Hallo alle miteinander,

auch ich möchte gern noch ein paar Fragen zum Überwintern meiner Fische stellen. Tatsache ist das ich meine Fische nicht in den 2 kleinen Kunststoffteichen lassen kann, da diese nur 75cm tief sind. Die im letzten Winter eigentlich zur Entlüftung angebrachten PVC-Rohre waren bis zum Grund zusammengefaltet! Ich habe meine Fische schon die letzten Winter in einem ca. 300L Aquarium überwintert. Mittlerweilen haben die Fische aber eine stattliche Größe erreicht. Ich habe mir deshalb noch ein 2. Aquarium in der selben Größe besorgt. In einem Aquarium sollen 3 Shubunkins (25-30 cm) sowie ca. 10 Jungfische von diesem Sommer (max 3-4cm) überwintern.

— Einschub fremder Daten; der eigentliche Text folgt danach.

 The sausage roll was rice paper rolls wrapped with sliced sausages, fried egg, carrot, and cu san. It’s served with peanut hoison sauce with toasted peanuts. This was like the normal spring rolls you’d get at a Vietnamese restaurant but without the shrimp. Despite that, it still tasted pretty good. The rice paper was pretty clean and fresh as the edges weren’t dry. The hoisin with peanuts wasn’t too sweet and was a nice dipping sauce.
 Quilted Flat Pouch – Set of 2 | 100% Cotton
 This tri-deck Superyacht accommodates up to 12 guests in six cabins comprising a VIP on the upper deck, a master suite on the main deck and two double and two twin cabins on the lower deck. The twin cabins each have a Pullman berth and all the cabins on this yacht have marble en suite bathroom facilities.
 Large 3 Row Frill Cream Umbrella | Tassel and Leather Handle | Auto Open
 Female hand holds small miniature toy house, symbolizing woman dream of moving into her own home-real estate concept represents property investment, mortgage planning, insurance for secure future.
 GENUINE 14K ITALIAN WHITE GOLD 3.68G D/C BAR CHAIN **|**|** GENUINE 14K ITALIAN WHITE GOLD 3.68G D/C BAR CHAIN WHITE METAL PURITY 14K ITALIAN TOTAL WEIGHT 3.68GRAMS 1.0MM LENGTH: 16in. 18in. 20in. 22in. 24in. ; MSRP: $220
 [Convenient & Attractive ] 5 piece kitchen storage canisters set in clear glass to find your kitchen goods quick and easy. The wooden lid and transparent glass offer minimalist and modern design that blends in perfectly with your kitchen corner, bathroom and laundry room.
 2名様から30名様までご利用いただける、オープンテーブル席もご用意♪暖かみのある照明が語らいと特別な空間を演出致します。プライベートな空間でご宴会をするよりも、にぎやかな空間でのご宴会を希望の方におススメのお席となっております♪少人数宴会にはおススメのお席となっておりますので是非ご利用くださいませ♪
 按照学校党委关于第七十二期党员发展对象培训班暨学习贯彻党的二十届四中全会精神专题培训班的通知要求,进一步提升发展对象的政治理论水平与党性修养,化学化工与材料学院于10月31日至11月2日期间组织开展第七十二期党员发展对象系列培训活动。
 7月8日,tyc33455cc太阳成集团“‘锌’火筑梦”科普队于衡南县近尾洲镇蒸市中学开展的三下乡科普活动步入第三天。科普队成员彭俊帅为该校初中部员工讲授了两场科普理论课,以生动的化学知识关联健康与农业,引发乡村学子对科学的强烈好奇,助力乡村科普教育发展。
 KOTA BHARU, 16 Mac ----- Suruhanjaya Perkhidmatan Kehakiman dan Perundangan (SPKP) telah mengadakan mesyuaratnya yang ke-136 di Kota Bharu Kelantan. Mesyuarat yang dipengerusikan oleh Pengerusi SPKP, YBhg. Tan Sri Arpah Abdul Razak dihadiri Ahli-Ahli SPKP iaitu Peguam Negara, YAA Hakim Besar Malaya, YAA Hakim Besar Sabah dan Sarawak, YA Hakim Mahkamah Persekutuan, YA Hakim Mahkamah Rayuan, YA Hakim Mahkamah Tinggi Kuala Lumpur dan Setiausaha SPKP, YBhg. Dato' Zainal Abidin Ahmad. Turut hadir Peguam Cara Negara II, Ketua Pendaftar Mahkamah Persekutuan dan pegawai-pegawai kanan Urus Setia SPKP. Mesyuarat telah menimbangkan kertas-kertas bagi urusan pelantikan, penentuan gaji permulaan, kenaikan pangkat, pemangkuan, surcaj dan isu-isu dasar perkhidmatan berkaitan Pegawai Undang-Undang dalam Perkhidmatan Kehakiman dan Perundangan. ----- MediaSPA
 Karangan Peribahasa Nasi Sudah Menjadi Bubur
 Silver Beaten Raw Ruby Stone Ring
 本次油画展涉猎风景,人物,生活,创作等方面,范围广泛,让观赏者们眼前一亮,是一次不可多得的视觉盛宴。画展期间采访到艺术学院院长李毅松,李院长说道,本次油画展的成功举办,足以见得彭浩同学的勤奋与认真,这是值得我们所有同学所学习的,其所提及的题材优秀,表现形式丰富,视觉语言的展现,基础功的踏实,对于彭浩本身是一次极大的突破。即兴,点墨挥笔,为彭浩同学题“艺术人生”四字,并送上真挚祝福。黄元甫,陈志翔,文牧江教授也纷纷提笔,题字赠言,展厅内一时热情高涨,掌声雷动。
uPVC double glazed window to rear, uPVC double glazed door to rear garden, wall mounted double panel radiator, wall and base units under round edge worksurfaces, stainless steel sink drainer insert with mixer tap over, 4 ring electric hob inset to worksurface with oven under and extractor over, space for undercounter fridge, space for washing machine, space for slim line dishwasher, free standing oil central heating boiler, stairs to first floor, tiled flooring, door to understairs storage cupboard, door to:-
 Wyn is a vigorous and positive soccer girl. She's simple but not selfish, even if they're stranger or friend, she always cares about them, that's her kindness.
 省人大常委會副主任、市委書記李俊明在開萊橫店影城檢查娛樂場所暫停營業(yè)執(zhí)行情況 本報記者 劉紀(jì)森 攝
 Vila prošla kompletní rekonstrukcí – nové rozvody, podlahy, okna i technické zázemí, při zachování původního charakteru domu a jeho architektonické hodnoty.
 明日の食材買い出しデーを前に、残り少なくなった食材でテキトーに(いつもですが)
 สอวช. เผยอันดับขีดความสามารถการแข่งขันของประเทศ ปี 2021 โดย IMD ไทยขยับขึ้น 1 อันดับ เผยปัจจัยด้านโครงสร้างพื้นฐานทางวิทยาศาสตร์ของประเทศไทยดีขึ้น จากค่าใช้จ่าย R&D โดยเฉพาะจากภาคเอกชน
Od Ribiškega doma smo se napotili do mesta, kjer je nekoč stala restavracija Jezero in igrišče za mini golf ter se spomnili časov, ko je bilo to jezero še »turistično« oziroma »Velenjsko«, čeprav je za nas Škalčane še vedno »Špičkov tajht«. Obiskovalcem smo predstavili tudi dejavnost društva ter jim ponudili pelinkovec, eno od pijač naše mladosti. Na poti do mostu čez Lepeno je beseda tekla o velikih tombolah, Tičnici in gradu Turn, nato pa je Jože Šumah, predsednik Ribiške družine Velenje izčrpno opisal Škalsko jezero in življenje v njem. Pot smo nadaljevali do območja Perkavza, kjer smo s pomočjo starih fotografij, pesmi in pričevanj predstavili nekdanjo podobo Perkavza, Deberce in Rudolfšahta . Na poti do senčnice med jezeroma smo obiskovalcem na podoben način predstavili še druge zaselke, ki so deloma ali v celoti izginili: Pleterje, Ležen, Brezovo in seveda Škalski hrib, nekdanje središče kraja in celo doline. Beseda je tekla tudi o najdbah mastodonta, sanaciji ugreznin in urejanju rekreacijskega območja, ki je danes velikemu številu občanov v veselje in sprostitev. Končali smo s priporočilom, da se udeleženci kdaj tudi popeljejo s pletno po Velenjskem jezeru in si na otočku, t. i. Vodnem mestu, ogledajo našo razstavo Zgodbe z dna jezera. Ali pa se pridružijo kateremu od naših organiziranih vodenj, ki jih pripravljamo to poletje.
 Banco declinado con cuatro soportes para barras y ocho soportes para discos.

Im 2. Aquarium sollen 5 Goldfische  (20-25cm) und auch etwa 10 Jungfische Ihr Winterquartier finden. Nun meine eigentlichen Fragen. Wie oft muß das Wasser in einer Stunde umgewälzt werden um die Wasserqualität zu erhalten?Zur Befüllung wurde Teichwasser umgepumpt. Welche Filtergröße ist für das Volumen notwendig? Ist eine Zusätzliche Belüftung notwendig?


----------



## Annett (18. Okt. 2006)

*AW: Überwintern im Aquarium*

Hallo Ralf,

was ich Dir als langjähriger Aquarianer wirklich empfehlen kann... die Eheim Außenfilter-Serie! Sind zwar nicht die billigsten, dafür halten sie aber auch... und eine harte Dichtung kann man problemlos im nächsten Zooladen nachkaufen (ist mir nach vielen Jahren schon passiert). Stromverbrauch liegt z.B. bei der professionel II-Reihe bei gerade mal 20Watt.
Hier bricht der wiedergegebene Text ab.